After publishing the idea in March he hired the engineer Theodor Kober who started work testing and further refining the design. The front section, intended to contain the crew and engines, was Berg had signed a contract with Schwartz under the terms of which he undertook not to supply aluminium to any other airship manufacturer.

The airship rose from the ground and remained in the air for 20 minutes, but was damaged on landing. It was completed by 30 November, when it was first taken out of its hangar, but a ground-handling mishap caused the bows to be pulled into the water, damaging the forward control surfaces.

Here a stiff breeze was encountered, and although the airship was at first able to overcome this, the failure of the forward engine due to cooling problems followed by the failure of the other due to a broken clutch-spring left the airship at the mercy of the wind.

This first flew on 20 June In spite of poor weather conditions, the flight succeeded: McGarvey, owner of the oil wells of Galicia and his wife, Helena J.

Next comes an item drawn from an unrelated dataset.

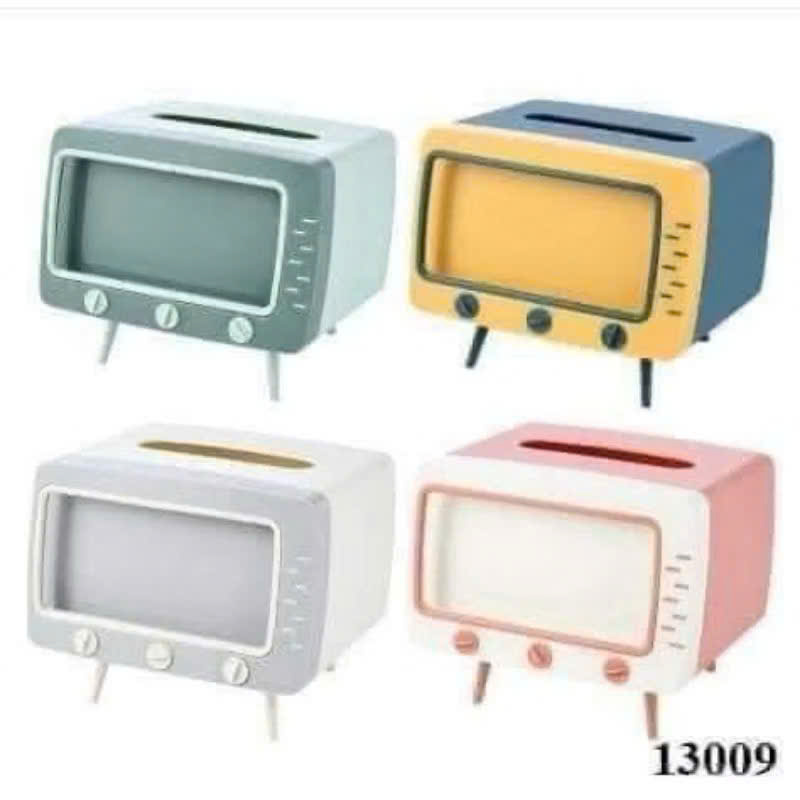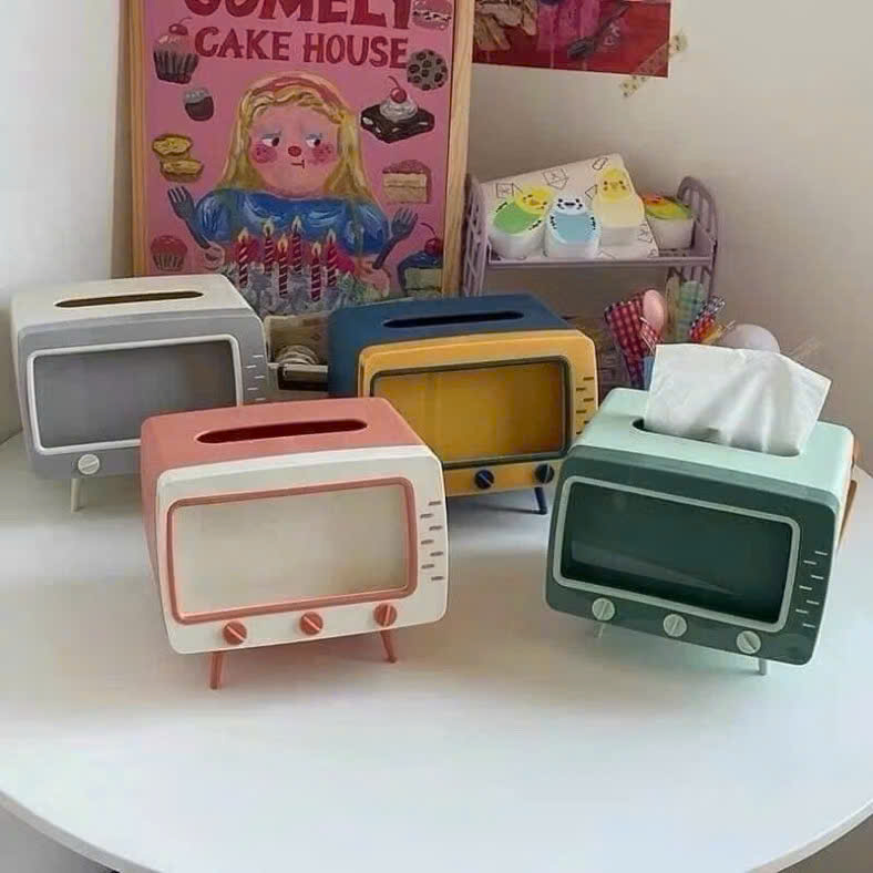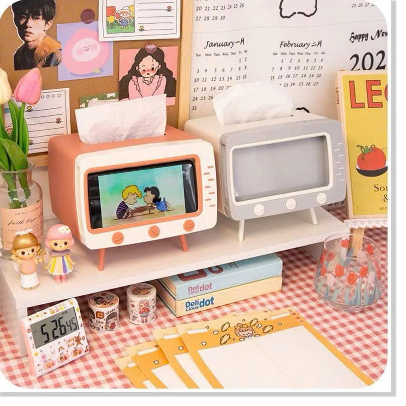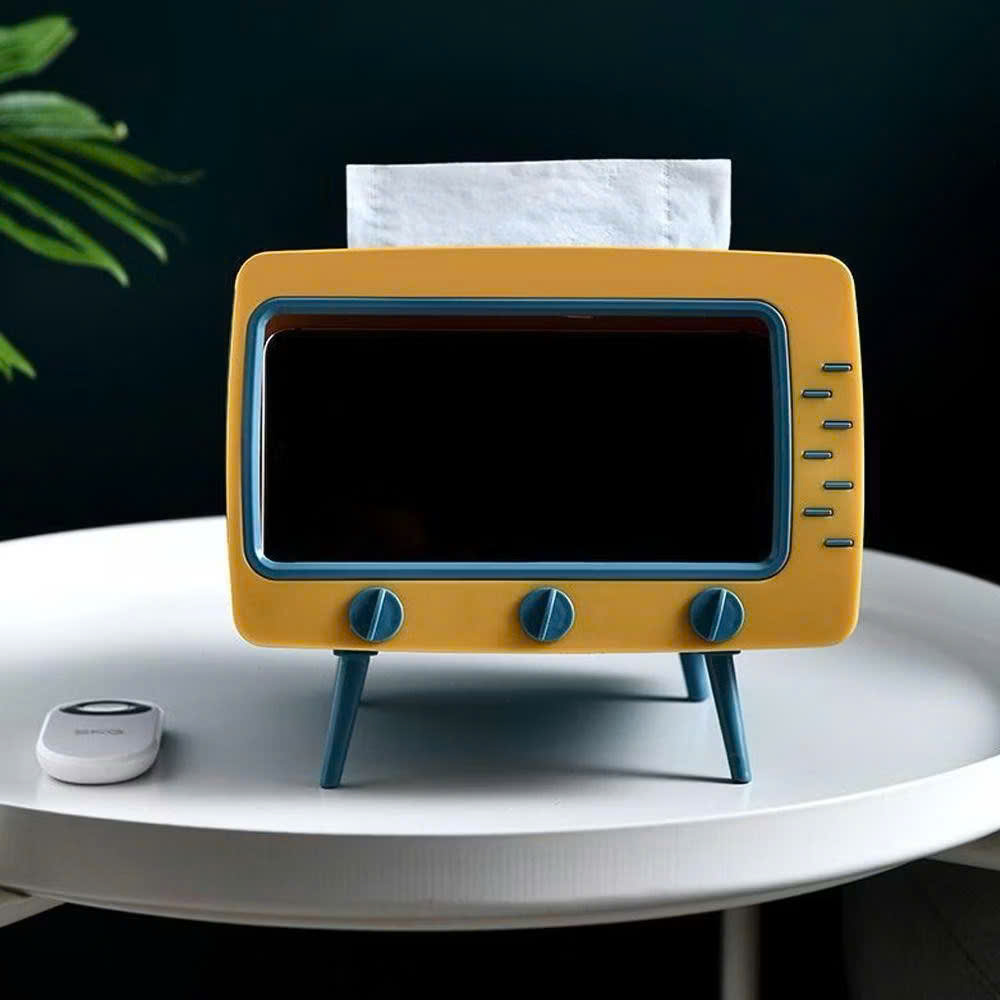 Thiết kế đẹp độc lạ hình dáng như chiếc tivi ngày xưa, mặt trước có chỗ để màn hình điện thoại, bên trong lại là hộp giấy ăn vô cùng tiện dụng, đặt trên bàn

A former Count von Zeppelin married a granddaughter of the 1st Earl of Ranfurly. Count Zeppelin died in , before the end of World War I, therefore he did not witness either the provisional shutdown of the Zeppelin project due to the Treaty of Versailles or the second resurgence of the Zeppelins under his successor Hugo Eckener.

The name of the British rock group Led Zeppelin derives from his airship as well. His granddaughter Countess Eva von Zeppelin once threatened to sue them for illegal use of their family name while they were performing in Copenhagen.

From Wikipedia, the free encyclopedia. Several terms redirect here. For other uses, see Zeppelin disambiguation and Graf Zeppelin disambiguation.